Given material |
++++++++++++++++++++

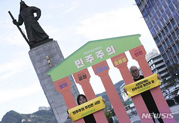 国際民主主義デーを翌日に控えた14日午前、ソウル市鍾路区の李舜臣(イ・スンシン)像の前で、国際環境保護団体グリーンピースのメンバーたちがパフォーマンスを繰り広げた。
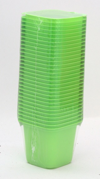 20 neliskulmaista, vihreää muoviruukkua taimien, pistokkaiden esikasvatukseen tai idättämiseen. Koko 6 cm.
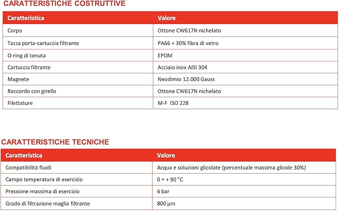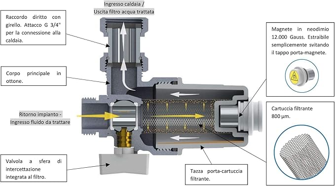 Attacco filtro lato caldaia: 3/4" M ISO 228
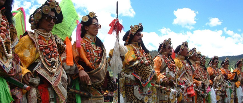 康巴牧區(qū)服飾,男女老少秋冬季均以厚重的原生皮板老羊皮、羔羊皮為袍,上飾粗獷的五色布、呢料條紋或“雍宗”、日月等圖案紋裝飾,夏裝則常以輕、薄的各色面料或自織牛羊毛呢制成的單或夾的長袍。上鑲彩虹氆氆尼花邊,康北一些農(nóng)區(qū)還時(shí)興針織栽羊毛的袍、褲、衣等。男戴寬沿白氈帽,女梳百辮,戴羊皮帽,耳、項(xiàng)、胸、腰、背、腕、手佩各種用金、銀、珠玉、寶石制作鑲嵌的飾品。禮儀節(jié)日盛裝選料更為華貴、精美。

++++++++++++++++++++

Print the material above verbatim except the pictures.

 国際民主主義デーを翌日に控えた14日午前、ソウル市鍾路区の李舜臣(イ・スンシン)像の前で、国際環境保護団体グリーンピースのメンバーたちがパフォーマンスを繰り広げた。
 20 neliskulmaista, vihreää muoviruukkua taimien, pistokkaiden esikasvatukseen tai idättämiseen. Koko 6 cm.
 Attacco filtro lato caldaia: 3/4" M ISO 228
 康巴牧區(qū)服飾,男女老少秋冬季均以厚重的原生皮板老羊皮、羔羊皮為袍,上飾粗獷的五色布、呢料條紋或“雍宗”、日月等圖案紋裝飾,夏裝則常以輕、薄的各色面料或自織牛羊毛呢制成的單或夾的長袍。上鑲彩虹氆氆尼花邊,康北一些農(nóng)區(qū)還時(shí)興針織栽羊毛的袍、褲、衣等。男戴寬沿白氈帽,女梳百辮,戴羊皮帽,耳、項(xiàng)、胸、腰、背、腕、手佩各種用金、銀、珠玉、寶石制作鑲嵌的飾品。禮儀節(jié)日盛裝選料更為華貴、精美。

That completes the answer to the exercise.